I have seen TONS of SW where structures only set certain elements and
then are shallow copied for inclusion into linked lists etc.

Thinking of it, this is just how changing the attributes
of X11 window work: we partially fill a structure
with the values we want to change and we set a bit-mask
indicating which values are defined in the structure...

 

[regis]

Thinking of it, this is just how changing the attributes
of X11 window work: we partially fill a structure
with the values we want to change and we set a bit-mask
indicating which values are defined in the structure...

time to put some distance between me and from keyboard,
the structure is not passed by value to the function and
hence a copy the partially filled struct is not done...

 

[Richard]

As Harald has pointed out, I'm wrong on this.

I posted that before Harald replied. Pete was too. Thanks for
acknowledging.

 

[Richard]

Thinking of it, this is just how changing the attributes
of X11 window work: we partially fill a structure
with the values we want to change and we set a bit-mask
indicating which values are defined in the structure...

But for totally different reasons I suspect. At a guess this is so that
you only send changed/set parameters in the X protocol - reduces
bandwidth requirements. Nothing to do with "undefined behaviour invoked
by copying an uninitialized integer".

Besides, I seriously doubt that the integer field of a newly created
structure can ever hold an "illegal" system value in the real world.

 

[Kenny McCormack]

Besides, I seriously doubt that the integer field of a newly created
structure can ever hold an "illegal" system value in the real world.

The real world is (by explicit decree - no, I am not making this up)
irrelevant here.

 

[Malcolm McLean]

Besides, I seriously doubt that the integer field of a newly created
structure can ever hold an "illegal" system value in the real world.

It's a potential enhancement. All unitialised objects are set to trap. If
the value is used then the program aborts.
I don't know of a single system that actually does this, but it would be
better, since you'd catch bugs earlier. The downside is that a struct
assignment would need care, because logically you might not need certain
fields, but the compiler can't be expected to know that.

 

[Richard]

It's a potential enhancement. All unitialised objects are set to
trap. If the value is used then the program aborts.
I don't know of a single system that actually does this, but it would
be better, since you'd catch bugs earlier. The downside is that a
struct assignment would need care, because logically you might not
need certain fields, but the compiler can't be expected to know that.

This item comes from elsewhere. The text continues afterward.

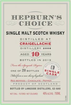 Application has the following data for Craigellachie 2008 LsD Sherry Hogshead 46% 700ml: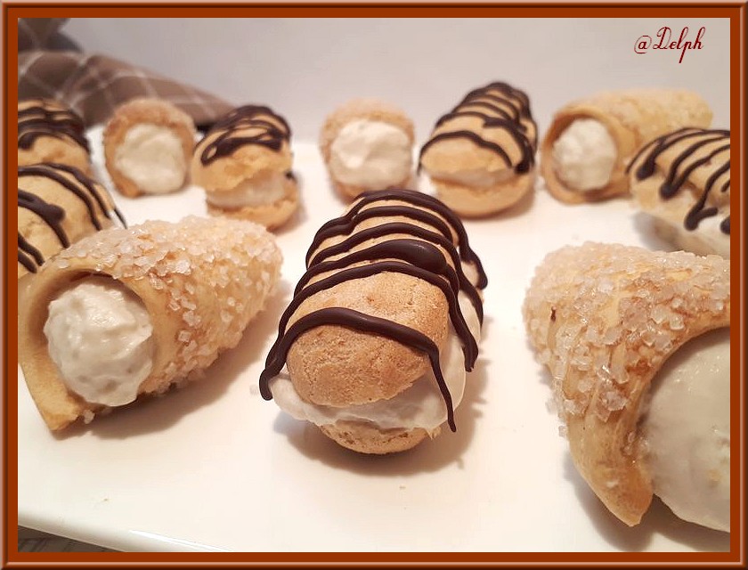 Ingrédients : Pour 6 minis éclairs et 6 cornets

It's a terrible idea. I don't necessarily WANT to initialise all
variables in certain structures. A control flag dictates which fields
are in "use" and don't all necessarily lend themselves to being in a Union.

If you want that level of control use something like ADA. C is C for a
reason - powerful and efficient and puts things in the programmers hands.

 

[Kenny McCormack]

It's a terrible idea. I don't necessarily WANT to initialise all
variables in certain structures. A control flag dictates which fields
are in "use" and don't all necessarily lend themselves to being in a Union.

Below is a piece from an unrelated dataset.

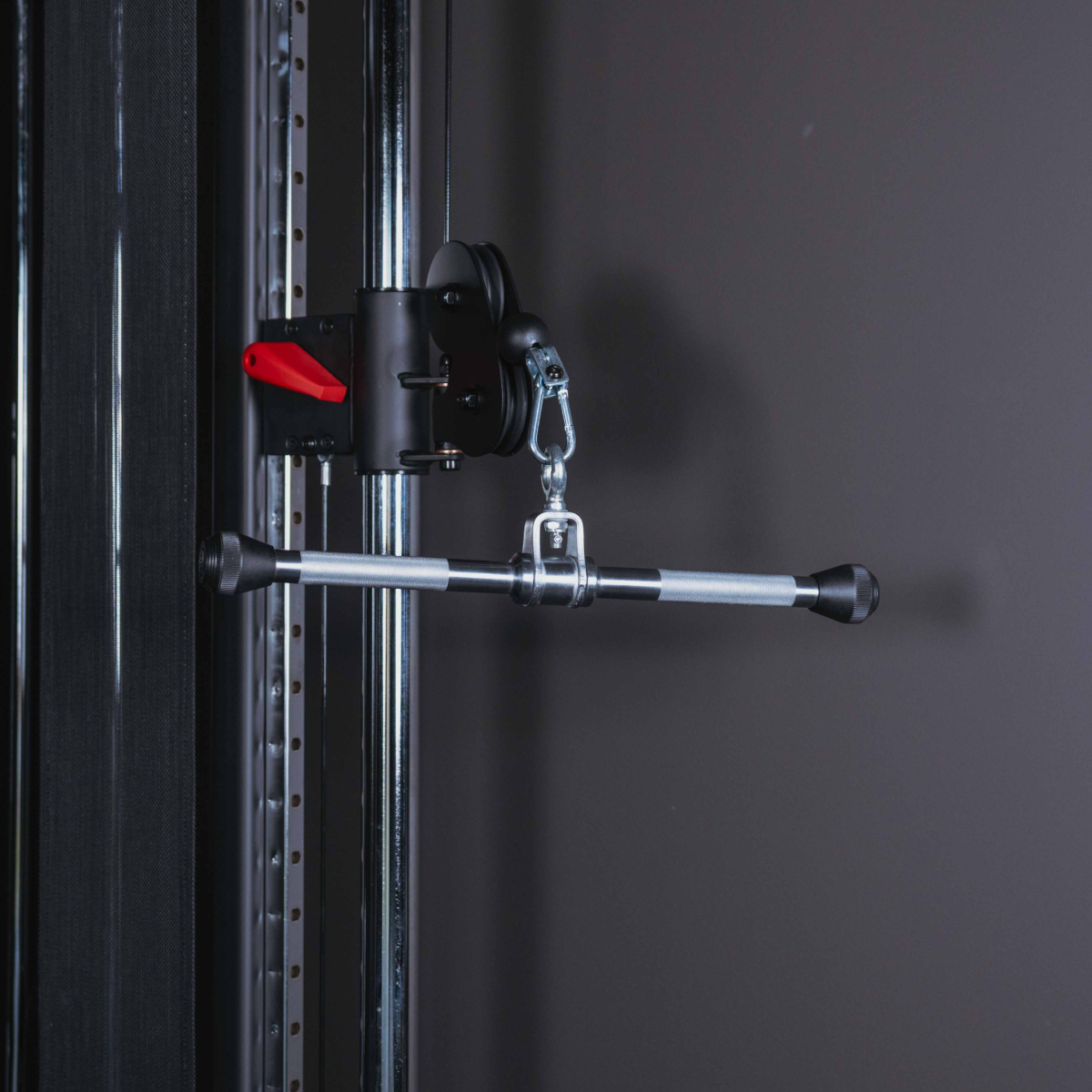 Hardchrom giver et flot, mat udseende, som er korrosionsbestandigt, har god slidstyrke og giver en fantastisk grebsfornemmelse. Legeringen er tyndere end almindelig krom, hvilket giver bedre struktur i serrateringen på håndtaget, samtidig med at den matte finish ikke er glat, hvilket gør den ekstra velegnet til fugtige hænder. Stangen er udstyret med roterende fæste, så du kan holde samme greb igennem hele øvelsen. Passer perfekt til biceps curl og triceps pres fra kabel. Stangen har en længde på 55 cm med gummibeskyttelse i hver ende. Den har 2 områder med serratering på 11,5 cm. Diameteren på grebet er 26 mm.

It's a really terrible idea because it would break tons of existing, working,
code.

 

[Malcolm McLean]

struct Sample *sample_clone(struct Sample *sp)
{
struct Sample *answer = malloc(sizeof *answer);
if (answer && (answer->p = malloc(sp->i)))
memcpy(answer->p, sp->p, sp->i);
else {
free(answer);
answer = NULL;
}
return answer;
}

This approach is a blind alley. As you add members to logic to free and
abort becomes more and more complicated. It is a lot better to have a "clean
up and return" section that is quite clearly not part of normal execution.
Poor man's exception handling, if you like.

void sample_kill(struct Sample *sp)
{
if (sp) free(sp->p);
free(sp);
}

I know that many people don't like this style, but I think C works
that way. I am sure that it is not accidental that things like short
circuit &&, assignments in conditionals, and being able to free NULL all
work together to make compact, idiomatic code.

The problem isthat for such a simple structure you are right. Add another
array and you've got to have a curly brace anyway. Get into the habit of

void killme(MYSTRUCT *ptr)
{
if(ptr)
{
}
}
Then you drop fewer stitches. It's a completely boilerplate approach, no-one
has to think, which is right because this is just boring code. The algorithm
is elsewhere.

 

[pete]

But no integer is copied: a structure is copied,
and a structure cannot have
a trap representation. This might have been different in previous
standards, but currently, you are allowed to copy even completely
uninitialised structures and unions.

The C90 standard doesn't have the word "trap" in it,
but it does say this about indeterminate objects:

3.16 undefined behavior:
Behavior, upon use of a nonportable or erroneous program
construct, of erroneous data,
or of indeterminately valued objects,
for which this International Standard imposes no requirements.

Where in the C99 standard does it say no traps for structs?

All that I can find about traps and structs, applies to padding.

 

[Keith Thompson]

AnticitizenOne said: [...]
why in C is not recommended?

Several reasons, but before we get into those reasons, let's find out
your reasons for using the cast.

I use the cast as referenced in C-Language (Kerningan & Ritchie)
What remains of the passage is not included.